Ищу Андреаса в поисковиках и в социальных сетях. Судя по всему, он жив и состоит в правлении – что это такое? – а, крупный шотландский банк. Главный риск-менеджер. Я так и вижу его перед собой: полуброги ручной работы, приталенный кашемировый костюм узкого кроя, шелковый галстук, платок в тон, лицо гладко выбрито и, конечно, лысина, она уже в юности была. Но погодите, секундочку. Картинка внезапно меняется: черные резиновые сапоги до колен, подошва толстая, голенище широкое, старые грязно-коричневые брюки, фланелевая рубашка в крупную клетку, в руках – ружье. Ружье? Да, все верно, Андреас направляет ствол поочередно на своих братьев и на меня, издавая звуки, похожие на выстрелы, свистящие, хлопающие, громыхающие, а потом вдруг начинает хохотать, как сумасшедший, и рот его больше не напоминает дуло, и он оставляет нас в покое. А его губа? Как она выглядит сейчас, спустя столько лет? Ищу в «картинках», ничего нет. А губа между тем все увеличивается. Хотя нет, это уже не верхняя губа, пусть даже и зашитая грубо, на скорую руку, с ужасным толстым рубцом. Перед мысленным взором разворачивается, разрастается некрасивая история, вообще-то уже давно сознательно уничтоженная, изгнанная из памяти, но теперь ее обрывки и клочки вновь собираются вместе, наслаиваются друг на друга, вздымаются горой – и складываются в отвратительные гримасы и видения.

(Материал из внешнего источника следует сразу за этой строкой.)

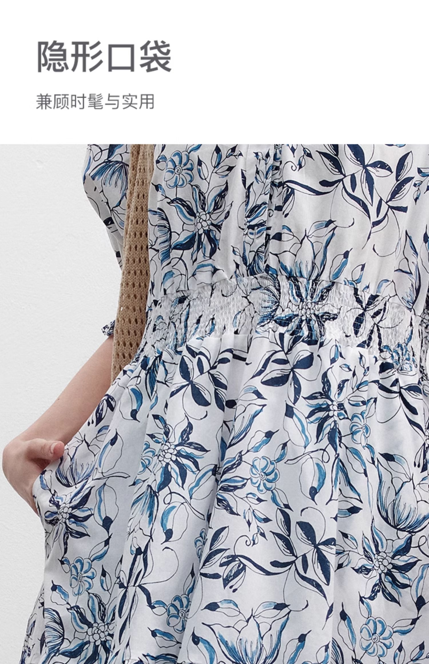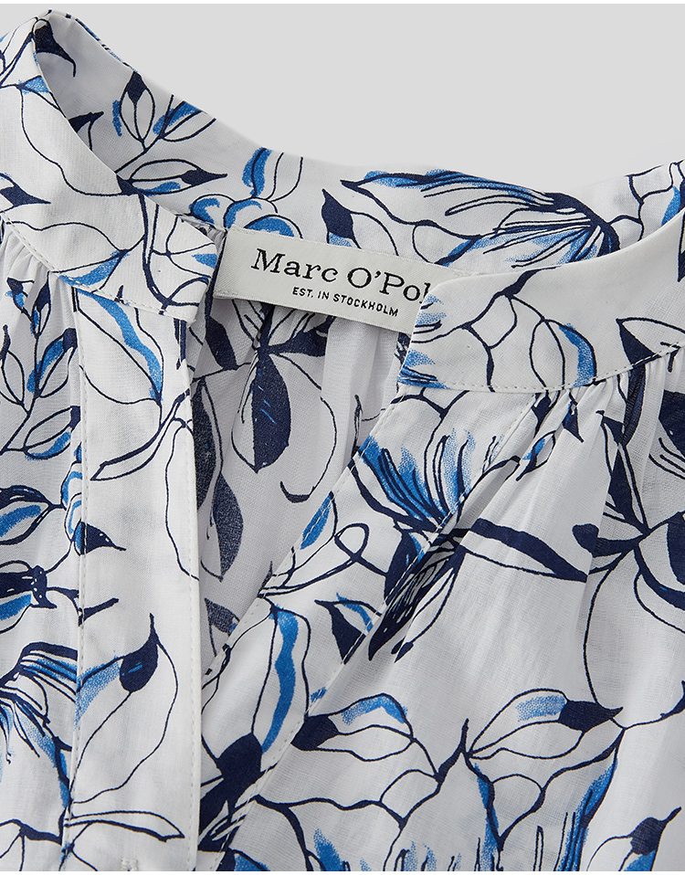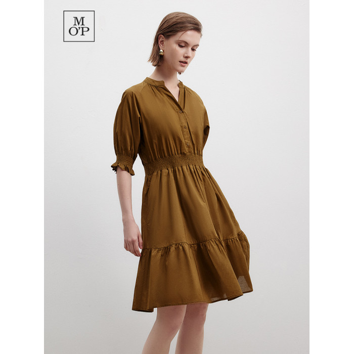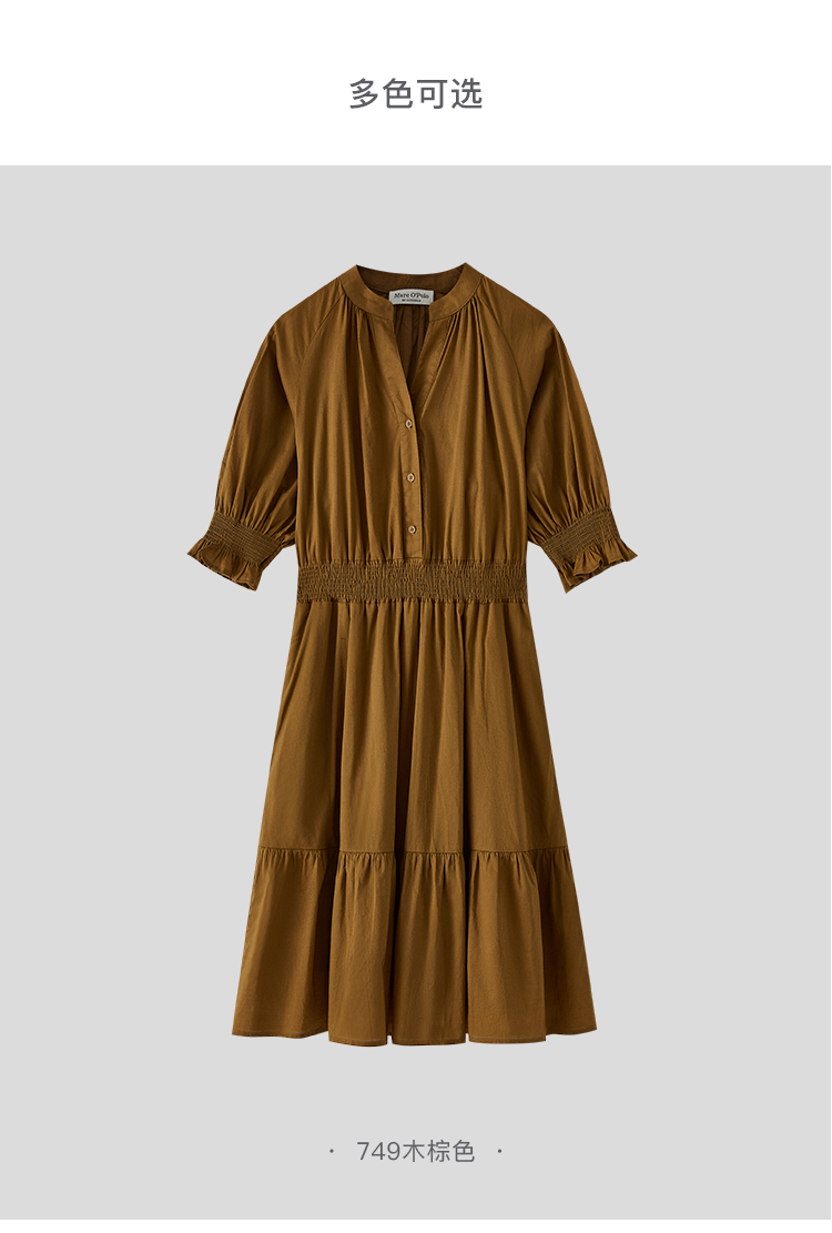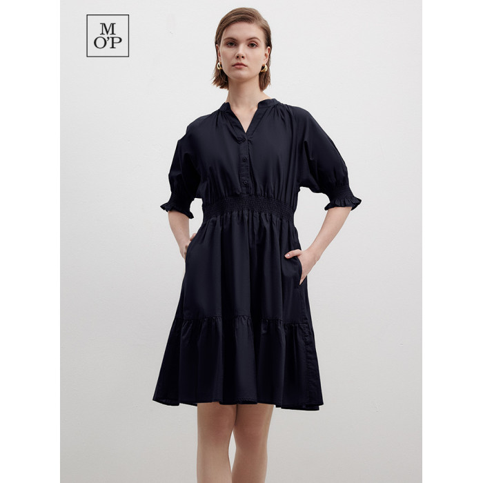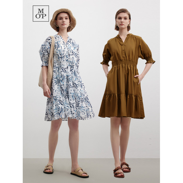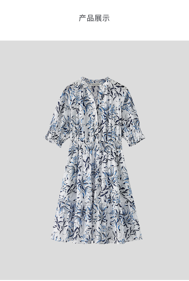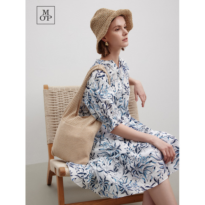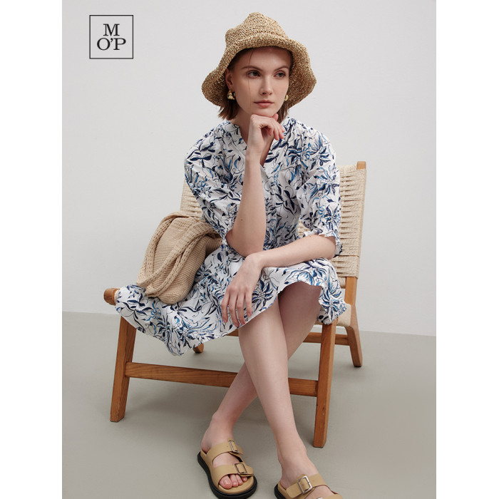Marc O'Polo/MOP 夏季新款時尚新中式印花司馬克腰氣質中袖連衣裙
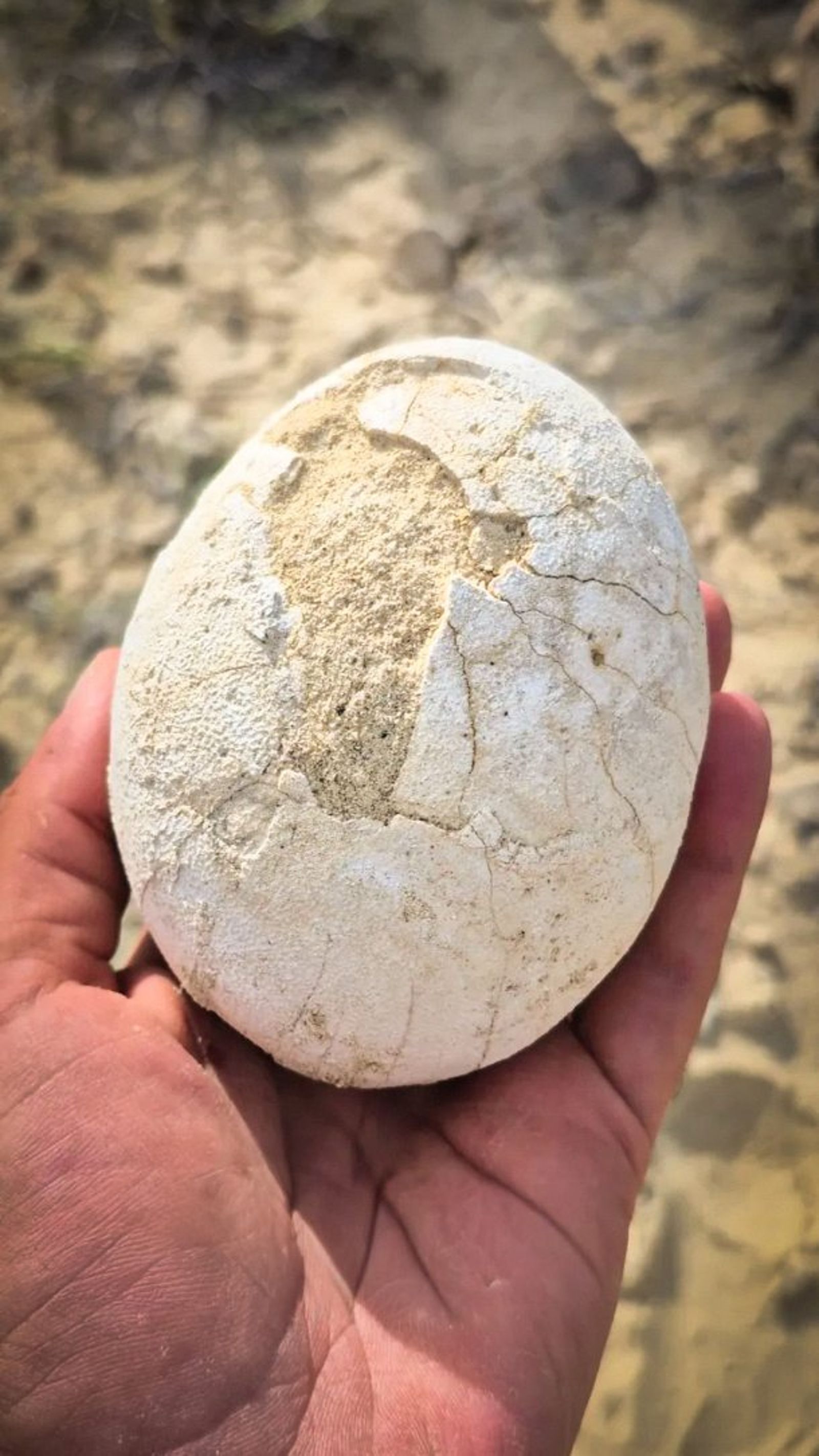 ฟอสซิลไข่ใบนี้มีสภาพสมบูรณ์อย่างน่าทึ่งจนดูคล้ายไข่นกกระจอกเทศ ทีมวิจัยยังพบว่ามันไม่ได้อยู่เพียงใบเดียว แต่เป็น “ทั้งรัง” ซึ่งอาจนับเป็นครั้งแรกที่มีการพบไข่ของไดโนเสาร์กินเนื้อในทวีปอเมริกาใต้
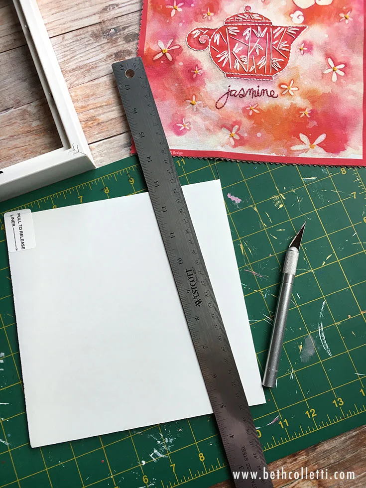 The NuCor self-adhesive mounting board I purchased came in a 9”x12” size. I like this board because it’s acid-free, thin and slightly tacky so the fabric won’t shift on it too easily. However it was too large for the 8”x8” frame as is, so I had to trim it down to size. If you can’t find this self-adhesive mounting board, another type of rigid board will do. I recommend something acid free if you can find it, and a depth of no more than ⅛” so it can fit into the back of the frame.
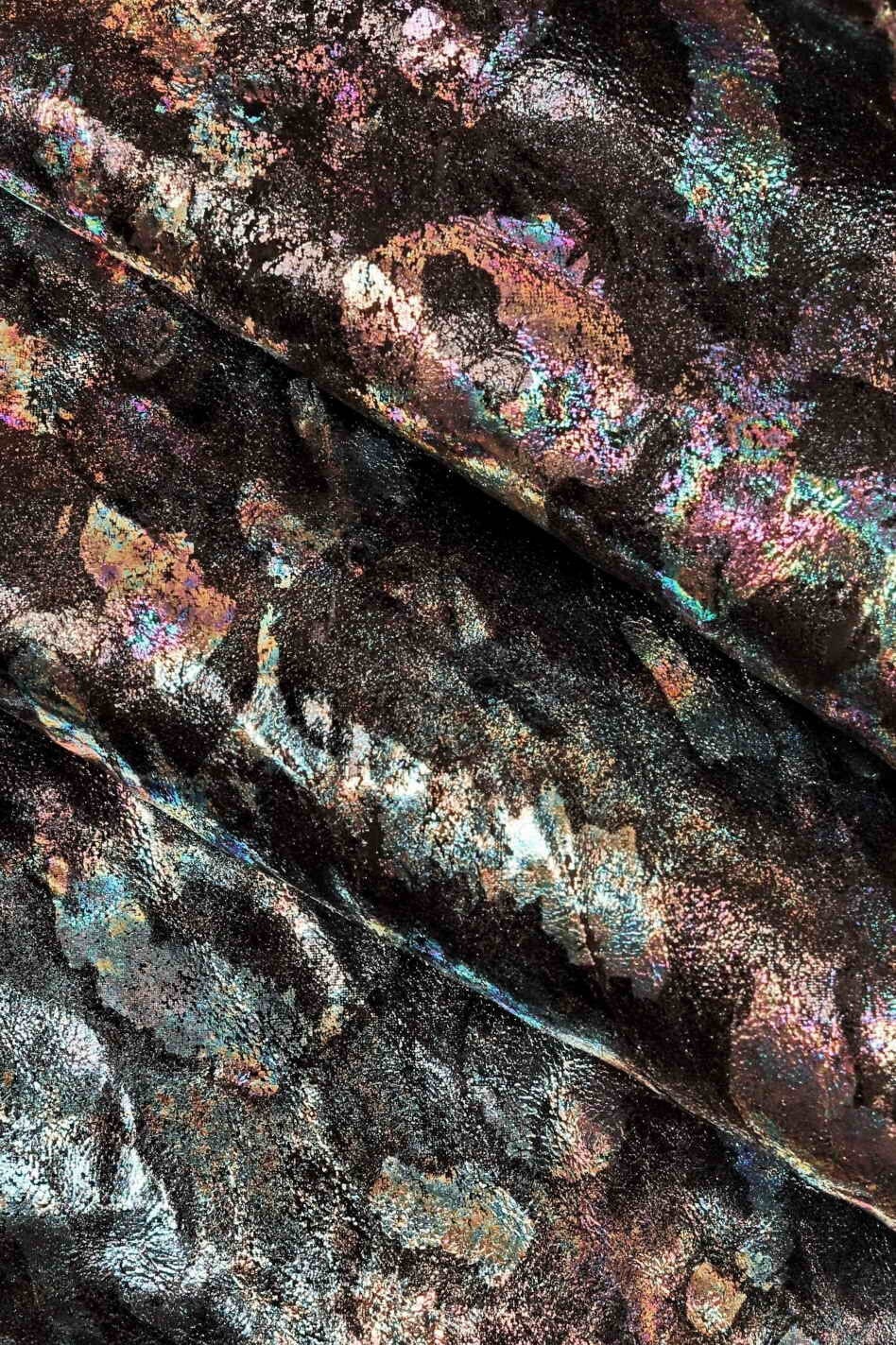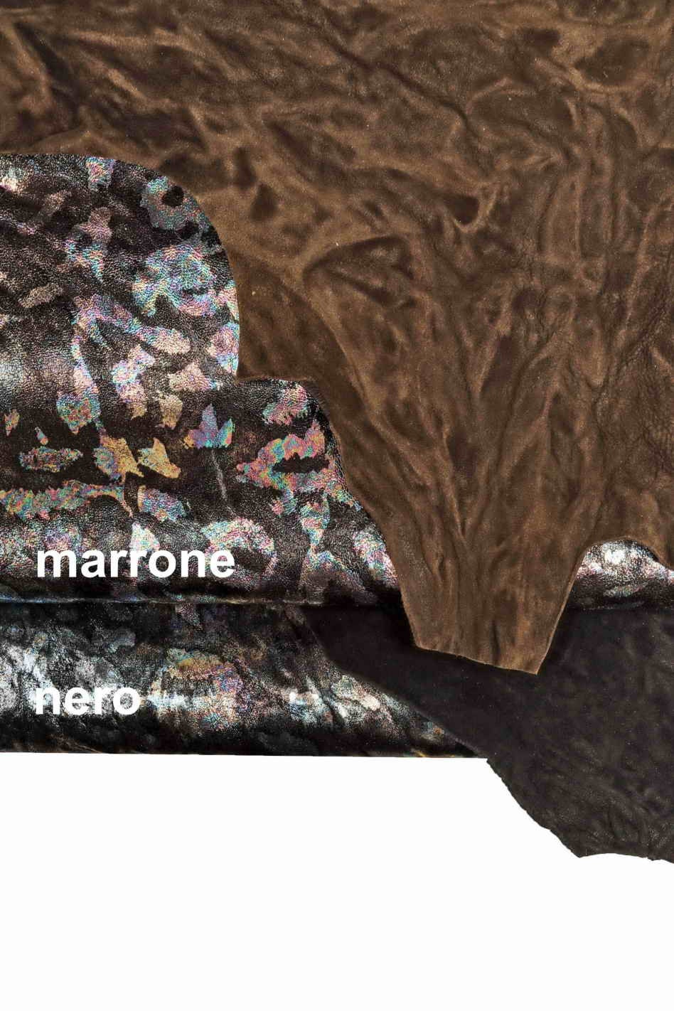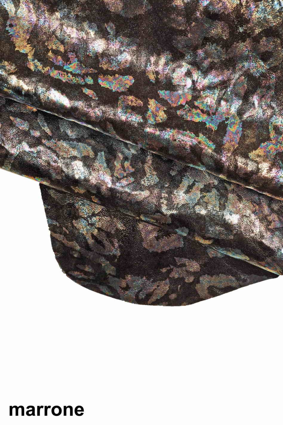 Italian leather, vegetable nappa leather on metallic sheepskin with oleographic effect leopard print, wrinkled, very shiny, very soft, sporty look, available in two bases, marrone and nero.
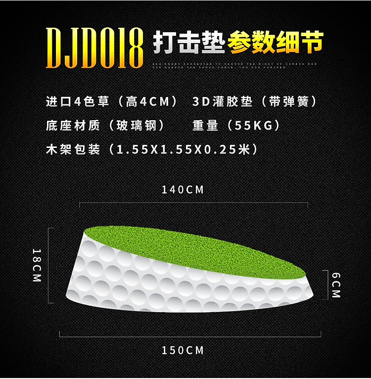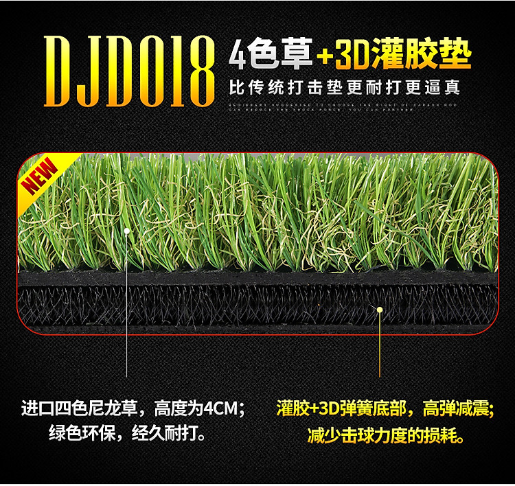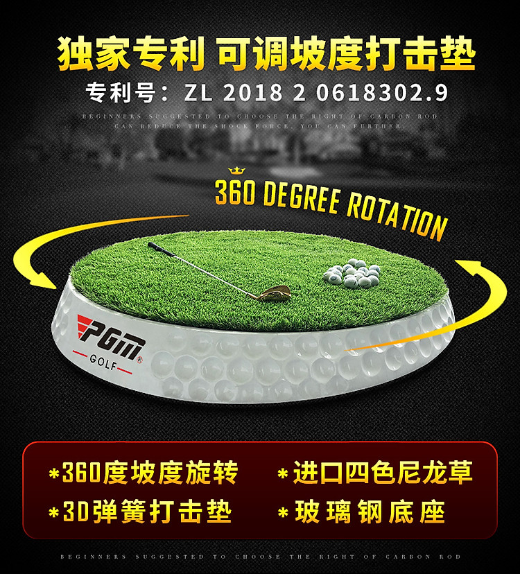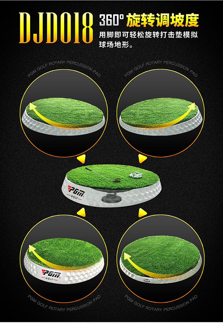 - Thảm Golf truyền thống chỉ có một chức năng duy nhất, chỉ có thể thực hiện các bài tập đánh bóng ngang. Nhưng thảm DJD018 có lớp đế lò xo PGM 3D xoay được theo ý muốn, mô phỏng được địa hình cao thấp của sân Gôn, đa dạng các loại bài tập.
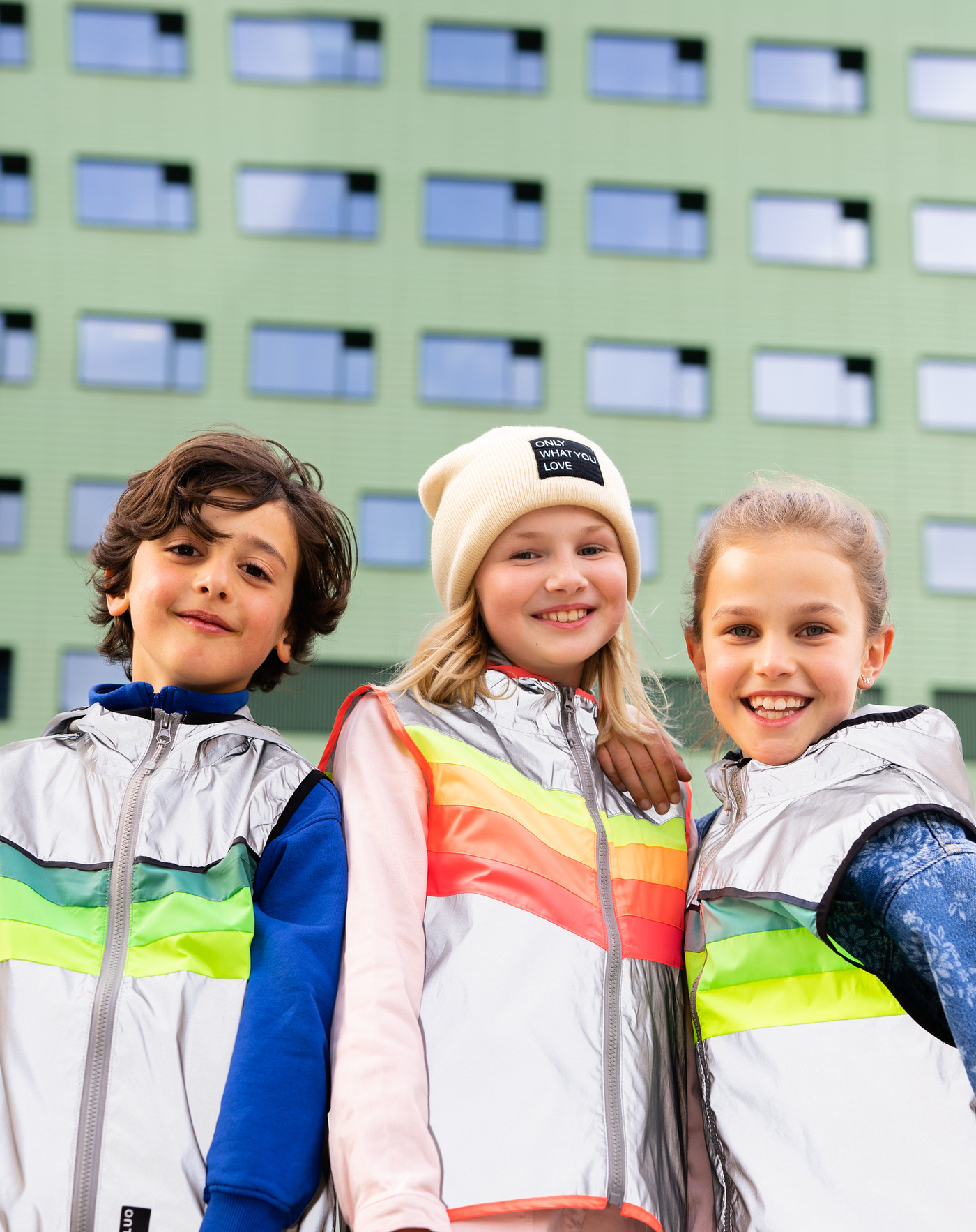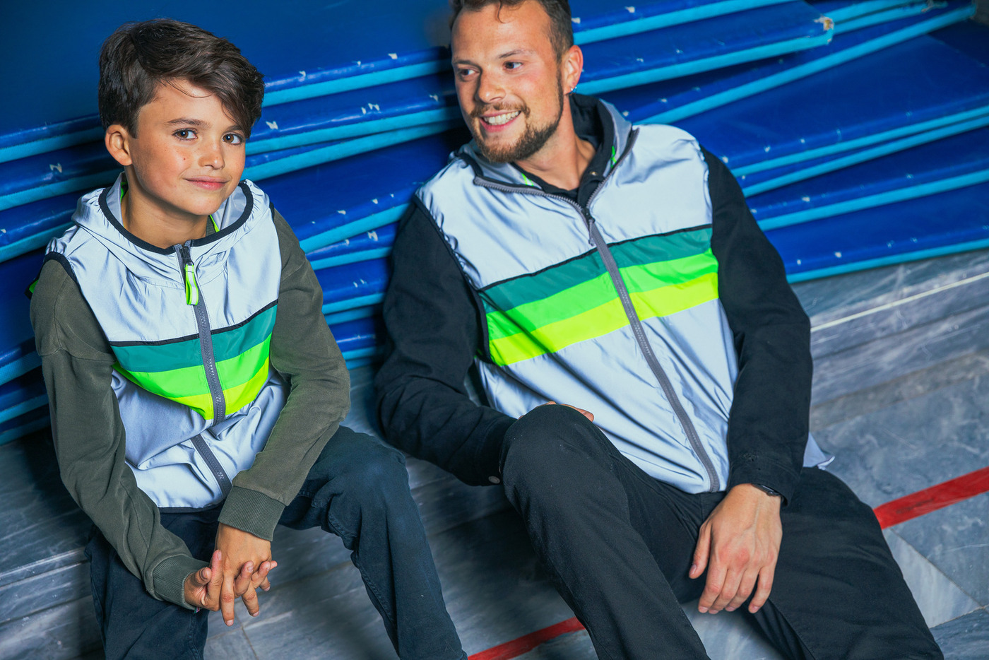 Die North Warnweste für Kinder verfügt über ein fluoreszierendes grün-gelbes Farben-Design an Vorder- und Rückseite.

Лето наступило внезапно. Проснулись – в голове дурман – и не сразу сообразили, отчего вдруг утром так душно. Весной было много дождей, листья на деревьях и кустарниках появились поздно, зато так бурно, словно в последний раз; не привычная нежная зелень, а листва глубокого, прямо-таки неистового цвета, которая отбрасывала густую тень. Петр водил мне по спине утиным пером, которое у него было вместо закладки. «Рукой нельзя, липко, – сказал он. – Пойдем искупаемся». Мы ехали на велосипедах, не держась за руль, под деревьями по берегу реки, полосы света и тени сменяли друг друга быстро, резко, мы ехали очень близко друг к другу, едва не сцепляясь рулями, и Петр сказал: «Через две недели я уезжаю», – тут я упала и разбила колено. «Во Францию, пасти овец», – добавил он, когда выуживал у меня из раны крошки гравия, а я мрачно и недоверчиво смотрела на него. Арендатор с семьей отправляется в отпуск на Атлантическое побережье, и он согласился его подменить и посмотреть за фермой, как и в прошлом году.
– Ты мне об этом ничего не рассказывал.
– Разве? Мне казалось, рассказывал.
Я вскочила, рывком подняла велосипед, влезла на него и помчалась прочь, как можно быстрее. Петр – за мной. Догнав меня, он крикнул: «Ничего не выйдет». Увидев боковым зрением, что он собирается меня обогнать, я выпрямилась, размахнулась и выкинула правую руку в его сторону, словно шлагбаум. Петр вскрикнул и упал, теперь уже мне пришлось выуживать гравий у него из колена. Но этим дело не ограничилось: ссадина на локте, ушиб запястья, растяжение лодыжки. «Ты чокнутая», – сказал он и мрачно посмотрел на меня, еще мрачнее, чем я давеча.
«Мне очень жаль».
Он ничего не ответил.
После купания – травмы травмами, но он проплыл свои три километра кролем, а я – пару дорожек брассом, – он принял душ рядом с бассейном, я – у кабинок для переодевания, и у вертушки на выходе он вдруг спросил: «Ты поедешь со мной?»
«Легко».
Отпуск арендатора длился четыре недели. Овечья ферма находилась в самом что ни на есть сердце Франции. Там, откуда Бурбоны родом, и у департамента до сих пор их герб, прямо на краю лесного массива размером с Париж, сплошь из скальных дубов высотой по двадцать-тридцать метров.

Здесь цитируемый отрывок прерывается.